MBN is obviously, jude-lawishly bad in parts but is not nearly as repulsive as suggested itt, fwiw

kristof-profiting-from-a-childs-illiteracy.html (schlump), Sunday, 13 January 2013 03:49 (eleven years ago) link

I know it's dreadfully cliche in every way imaginable but I love Chungking Express. One of my favorite films.

mh, Sunday, 13 January 2013 04:13 (eleven years ago) link

Well if Doyle jumped out and tackled me everytime I watched my copy of Redux....

Jedmond, Sunday, 13 January 2013 04:19 (eleven years ago) link

I think ITMFL is a close to perfect movie and I love and admire it. 2046 is not perfect at all, it's ragged and too long, but I think it's the more interesting of the two movies. It's Godfather pt. II.

something of an astrological coup (tipsy mothra), Sunday, 13 January 2013 04:28 (eleven years ago) link

I don't know, will probably have to wait for the deluxe blu-ray or whatever. But the intertitles are entertaining in their own way, since they mostly illustrate the ridiculousness of imposing too much structure on WKW. It's like, long dreamy inconclusive sequence, followed by "And then Japan invaded."
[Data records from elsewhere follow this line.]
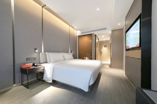 订的时候不小心订成了双床,前台很灵活的帮忙换成了大床,床品非常舒服,房间也挺大的,特别是枕头很舒服,服务态度超级好,很专业,办入住还会奉茶水喝,来到前台办理入住就有倒茶水,很暖心的服务,机器人送东西也很快,有需求都及时响应,在大厅休息也都会奉茶,退房时会主动给我们拿矿泉水,告知天气较热路上可以饮用,非常的贴心,大厅还有一墙面的书,比较满意的一次住宿,性价比比较高,值得推荐!
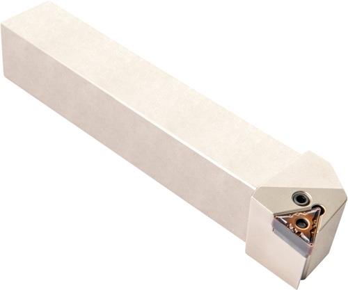 Dreh-Trägerwerkzeug mit Kniehebelklemmung zum spannen von Triangular negative Wendeschneidplatten mit einem Innenkreisdurchmesser von 9.525mm · 4.76mm Dick (ISO Bezeichnung TN.. 1604.. ) · linke Ausführung zum 90° Stirndrehen mit abgesetzem Schaft · 25mm Werkzeughöhe x 25mm Breite x 150mm Länge für Kegeldrehen und Längsdrehen ohne Schulter
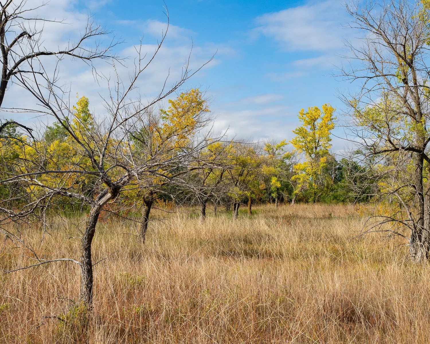 On a bright morning I decided to take a walk in Little Mountain Park, an off-leash dog park in north west Winnipeg. It’s a beautiful park, but somehow I botched my attempts at catching the colour in a meaningful way. This tree was on full glorious display, but the park is surrounded by light industry, which I kept trying to obscure. However, I finally decided to embrace it, since it seemed like the tree itself knows where its friends are:
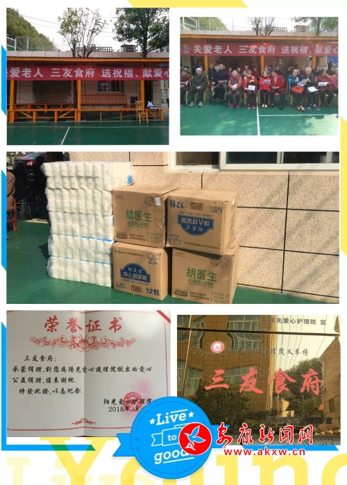 安康新聞網(wǎng)訊(記者 周健) 愛不是靠說,而是靠做。說得再多不如踏實去做,愛老關鍵靠行動。昨天是農(nóng)歷9月9日重陽節(jié),為關愛老人,三友食業(yè)免費為護理院老人送溫暖,送早餐、紙巾,尿不濕等老人用品。并在這段時間里為70歲以上老人提供免費早餐。
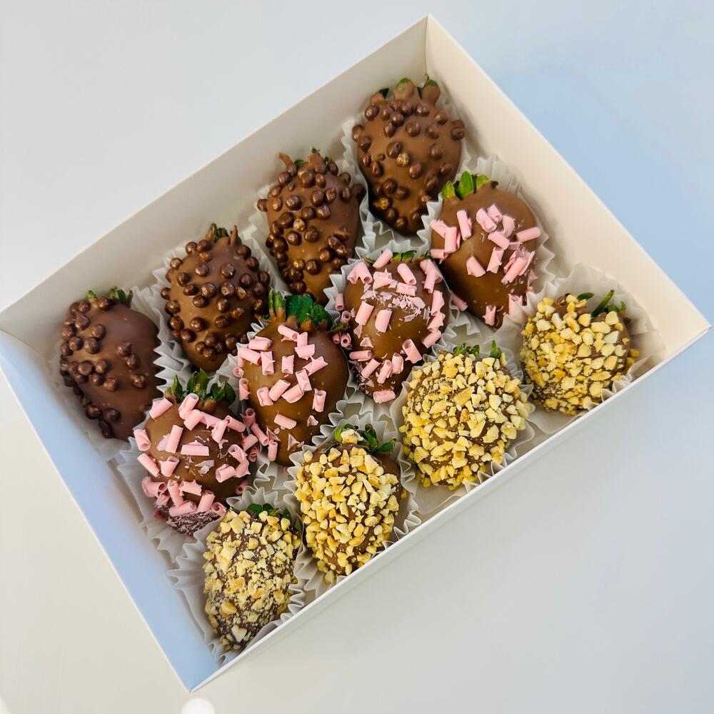 Свежая клубника в шоколаде с кондитерскими посыпками ( арахис, рисовые шарики, шоколадные завитки)
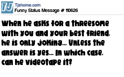 X When he asks for a threesome with you and your best friend, he is only joking... Unless the answer is yes... In which case, can he videotape it?
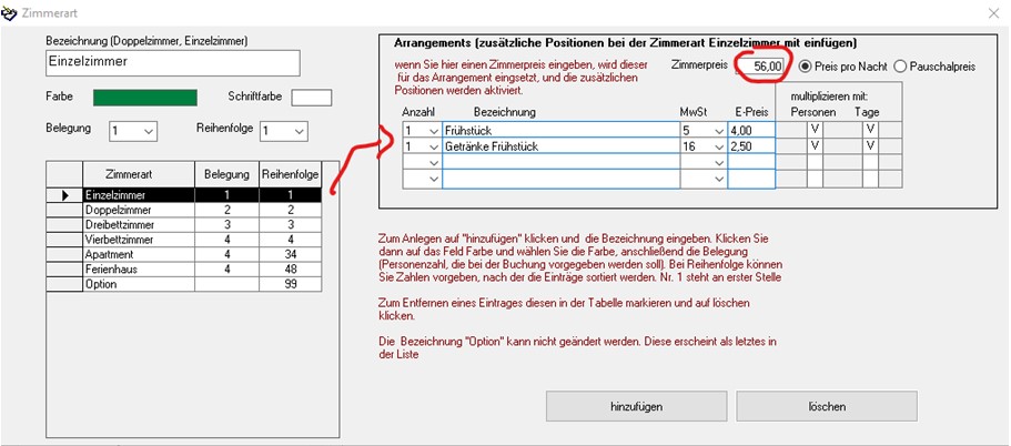 Für den Fall, dass Sie Ihr Frühstück splitten müssen (Frühstück 5%, Getränke 16%), gehen Sie bitte wie auf dem Bild vor: Einstellungen - Stammdaten - allgemeine Vorgaben - Zimmerart ändern Die zusätzlichen Zeilen werden nur bei der Buchung übernommen, wenn der Zimmerpreis oben rechts eingegen ist

something of an astrological coup (tipsy mothra), Monday, 2 September 2013 04:28 (ten years ago) link

morbius it's all over the torrent sites, don't complain about technological incompetence

i didn't like this much at all. i thought wong's customary blurred/languid/just generally hyper-stylized camerawork and editing kind of took all the energy and concreteness out of the action stuff which is really the genre's raison d'etre.

i kind of feel like the fire's gone out in him.
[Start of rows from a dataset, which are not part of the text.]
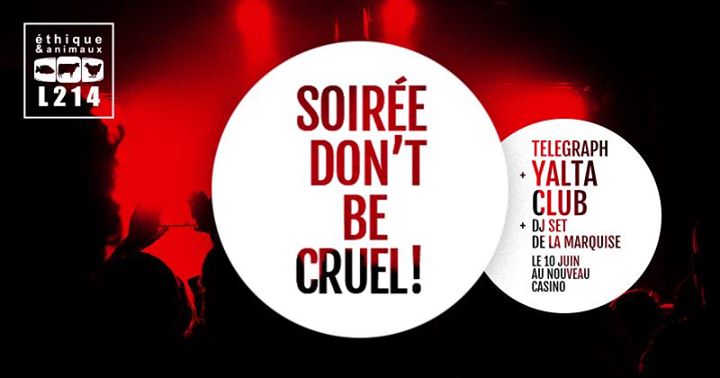 Le 10 juin, après la Marche pour la fermeture des abattoirs, retrouvons-nous au Nouveau Casino (11e arr.) pour une soirée-concert de folie! Au programme, le groupe Telegraph en 1ère partie, suivi d'un concert de Yalta Club et de 2h de DJ set de La Marquise!
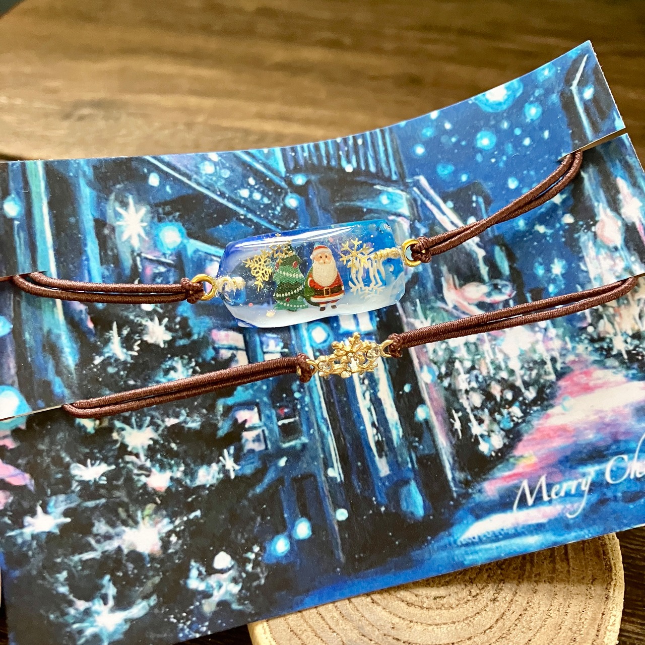 雪チャームのシンプルなヘアゴム ブレスと一緒に重ねづけにおすすめな2色セットです^ ^
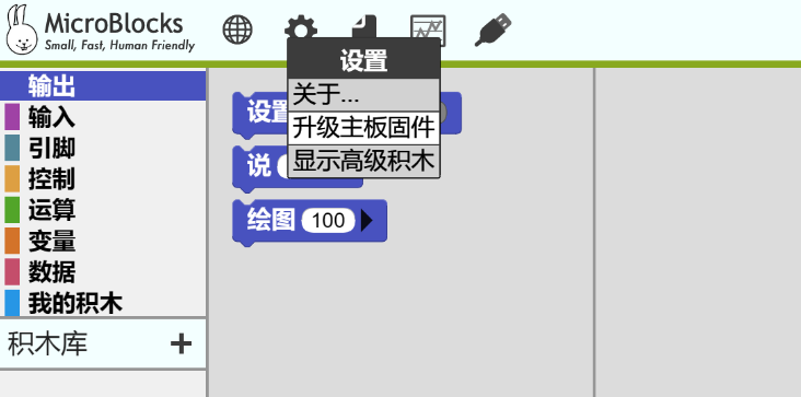 点击“设置”按钮,在弹出的下拉菜单内选择“显示高级积木”。
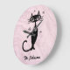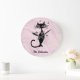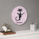 Fifties retro look black cat personalized kitchen clock in pink.
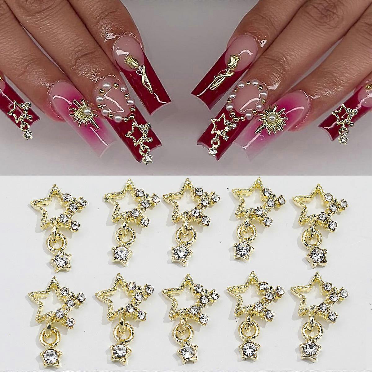 3D Exquisite Heart Crown Five-pointed Rhinestones Nail Charms Luxury Gold/Silver Diamond Jewelry Nail Decoration Accessories

flesh, the devil, and a wolf (wolf) (amateurist), Monday, 2 September 2013 04:48 (ten years ago) link

Really? I though the action scenes were great. They made me think about how much of his approach is about watching bodies in motion. He aestheticizes human beings.

something of an astrological coup (tipsy mothra), Monday, 2 September 2013 12:41 (ten years ago) link

(granted, this isn't really a Kung Fu movie, any more than any of his genre films are really genre films.)

something of an astrological coup (tipsy mothra), Monday, 2 September 2013 12:43 (ten years ago) link

yeah the fight scenes were fantastic

乒乓, Monday, 2 September 2013 12:44 (ten years ago) link

tipsy you sort of wrote what i had been thinking about this movie - i think i've lost all possible critical distance from WKW so what he makes, i watch, and i love.

乒乓, Monday, 2 September 2013 12:45 (ten years ago) link

he's like wes anderson in that way except he still has a decent hit rate

乒乓, Monday, 2 September 2013 12:45 (ten years ago) link

i don't think i ended up watching the american version, though that's out in theaters now. i enjoyed that this wasn't a kung-fu flick by the rules, that the fire stoking the engine had seemed to go out by the last half hour.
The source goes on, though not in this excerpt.